Any third-party libraries (e.g. JARs / Maven Dependencies) required to compile or run DSpace must be included. The license of any required jar/dependency MUST be compatible with BSD. It must not prevent any commercial use of DSpace, nor have any impact on the rest of the code by its inclusion. It is not acceptable to require additional downloads of JARs/dependencies to make DSpace compile or function.

Non-Java third-party web frameworks or tools (e.g. XSLT, CSS, Images) should follow these same licensing guidelines.

Examples of acceptable licenses:

  Apache License 2.0
  BSD
  Common Development and Distribution License (CDDL)
  Common Public License (CPL)
  GNU Library or "Lesser" General Public License (LGPL)
  MIT / X11 License
  Mozilla Public License
  Additional examples may be found in our LICENSES_THIRD_PARTY file in the source code. This file lists the licenses of all third-party libraries used by DSpace.
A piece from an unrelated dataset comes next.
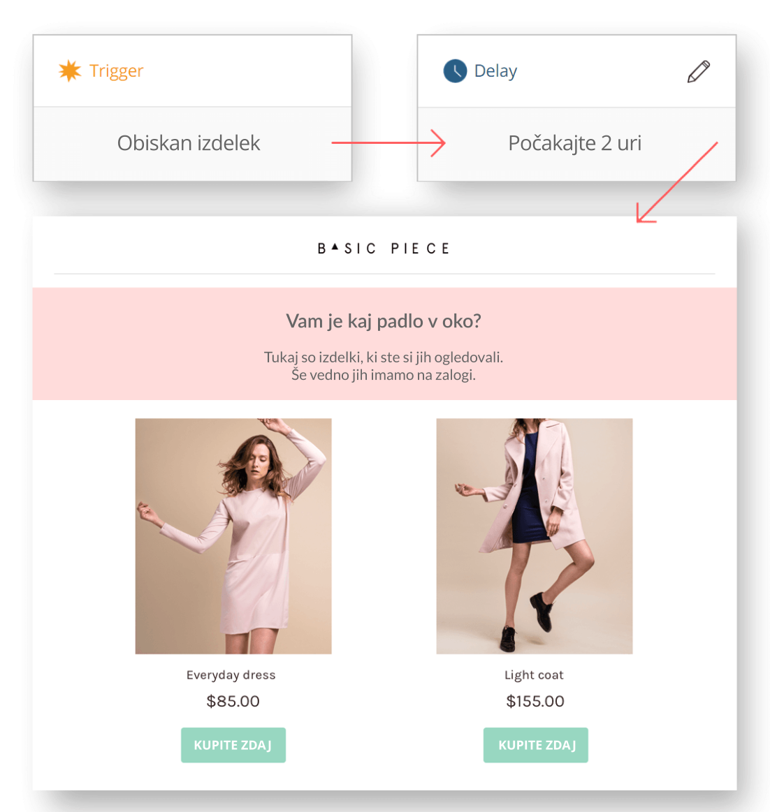 Ko enkrat veste, katere izdelke so si ogledali vaši kupci, zakaj jih ne bi spodbudili za oddajo naročila? Navsezadnje so že pokazali zanimanje za vaše izdelke in bodo verjetno izvedli nakup. Pomagajte svojim kupcem pri odločitvi z našimi avtomatiziranimi e-poštnimi sporočili o opustitvi izbranih izdelkov. Pošljite personalizirana priporočila podobnih izdelkov na podlagi izdelkov, ki so jih dejansko videli, vendar jih še niso dodali v voziček.

Examples of unacceptable licenses:

  GNU General Public License (GPL)
  GNU Affero General Public License (AGPL)
  European Union Public Licence (EUPL)
      Similar to GPL, this license is "share alike" / "strong copyleft" and may require usage of the same license for redistribution or derivatives. For more information, see the EUPL FAQ (specifically the questions "What about compatibility issues?" and "Are there limitations to the use of the software?")
  Any license which strictly forbids "sublicensing" as detailed at http://choosealicense.com/licenses/
  Any license which limits commercial use/redistribution of binary code

Why is GPL (and similar) unacceptable? Icon

DuraSpace feels it is important for commercial entities and service providers to be able to customize the entire codebase and redistribute/repackage/sell it in a binary form. GPL licenses prevent this, as noted in the following FAQ questions:

  Can I release a modified version of a GPL-covered program in binary form only?
  If I distribute GPL'd software for a fee, am I required to also make it available to the public without a charge?
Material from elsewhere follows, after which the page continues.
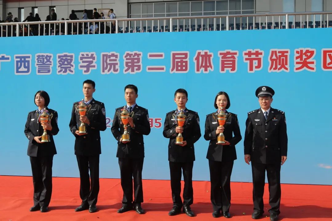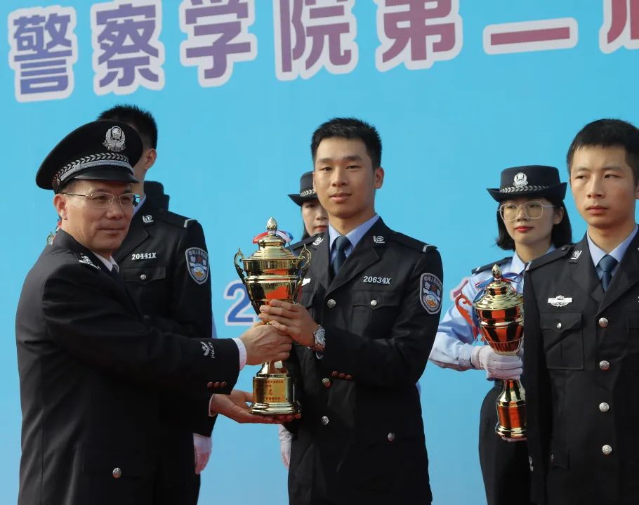 开幕式后,bat365中文官方网站第二届体育节暨公安专业学生首届警务实战技能大比武颁奖在仙葫校区田径运动场观礼台前进行。

In addition, the Apache Software Foundation has a good explanation of why they are also forced to avoid GPL-based (copyleft) licenses because of its one-way compatibility with Apache License 2.0:

“This licensing incompatibility applies only when some Apache project software becomes a derivative work of some GPLv3 software, because then the Apache software would have to be distributed under GPLv3.
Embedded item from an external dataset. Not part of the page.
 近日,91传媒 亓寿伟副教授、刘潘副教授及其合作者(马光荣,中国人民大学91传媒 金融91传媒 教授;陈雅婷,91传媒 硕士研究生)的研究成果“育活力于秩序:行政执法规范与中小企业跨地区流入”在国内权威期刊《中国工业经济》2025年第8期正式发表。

We avoid GPLv3 software because merely linking to it is considered by the GPLv3 authors to create a derivative work. We want to honor their license. Unless GPLv3 licensors relax this interpretation of their own license regarding linking, our licensing philosophies are fundamentally incompatible. This is an identical issue for both GPLv2 and GPLv3.”

While DSpace is released under BSD licensing, the same issues exist between BSD licenses and GPL-based licenses.

JDBC drivers for databases are an exception since:

  They must correspond to the database version and not the DSpace version.
  They are not required for DSpace to compile and run; a variety of databases, including open source databases, may be used.